November 10, 2014

Researchers Take Snapshots of Potential 'Kill Switch' for Cancer

Researchers Take Snapshots of Potential 'Kill Switch' for Cancer

Scientists at Genentech and SLAC have watched a key human protein change from a form that protects cells to one that kills them, providing valuable new insights to cancer research.

Structured Content

A study conducted in part at the Department of Energy’s SLAC National Accelerator Laboratory has revealed how a key human protein switches from a form that protects cells to a form that kills them – a property that scientists hope to exploit as a “kill switch” for cancer.

The protein, called cIAP1, shields cells from programmed cell death, or apoptosis – a naturally occurring crackdown on unhealthy cells and tissues. When a cell is in trouble, a signal activates cIAP1, which rapidly transforms into a state that allows apoptosis to take place.  

“Cancer cells produce excess amounts of cIAP1 in an attempt to shut down apoptosis and evade death,” says senior staff scientist Thomas Weiss from SLAC’s Stanford Synchrotron Radiation Lightsource (SSRL), a DOE Office of Science User Facility, who participated in the study. “The search for drugs that would switch apoptosis back on to eradicate cancer is a very active research field.”

The researchers used X-rays from SSRL to watch in real time how cIAP1 transitions from one state to another. The results are an important step towards becoming able to control the protein’s switching properties.

“Our study closely ties cIAP1’s motions to its role as a switch,” says Allyn Schoeffler, a senior research associate at Genentech Inc. in South San Francisco and lead author of the study, published Nov. 10 in Nature Structural & Molecular Biology. “We now know why cIAP1 can act as a strictly controlled fail-safe for apoptosis and, at the same time, remain flexible enough to undergo rapid structural transitions.”

Incomplete Static Model

Earlier studies had given researchers a fairly good idea of cIAP1’s structure and general mechanism.

In its “closed” state, which blocks apoptosis, the protein’s four parts, or domains, are tightly bound together in a rather rigid, compact structure.

When a signal molecule binds to a specific site in cIAP1, the protein changes into its “open” state, in which the domains arrange in a more flexible, linear way.

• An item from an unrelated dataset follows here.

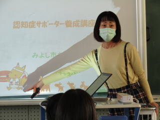 認知症とは何かについて説明された後、認知症の方への適切な対応の方法や認知症サポーターとしての役割について具体的な事例をもとに話していただきました。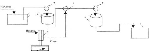 1.Емкость для исходной воды, 2. Фильтр механической очистки, 3.Озонатор, 4.Смеситель, 5.Сорбционные фильтры, 6.Емкость очищенной воды,7.Задвижки

When two identical copies of this open structure partner up in what is known as a dimer, the assembly eventually self-destructs, removing the brake that blocks apoptosis and allowing cellular clean-up to carry on.

“This model of cIAP1 action has largely been derived from static images of the protein,” Schoeffler says. “However, static pictures do not tell us the whole story.”

Bringing Motion into the Equation

To find out more, the research team first used a technique known as nuclear magnetic resonance spectroscopy, or NMR, to analyze how the protein domains move in the closed state, and followed up with studies at SSRL, where they observed how X-rays scatter off the transforming sample.

“The results showed that cIAP1 switches from ‘closed’ to ‘open’ extremely fast, within only 300 milliseconds, which we were able to determine using a technique called time-resolved small-angle X-ray scattering,” says Weiss. “The following dimer formation is even faster than that.”

In addition, the scientists observed that the protein “breathes” rapidly in its closed form, with interfaces between domains opening and closing quickly.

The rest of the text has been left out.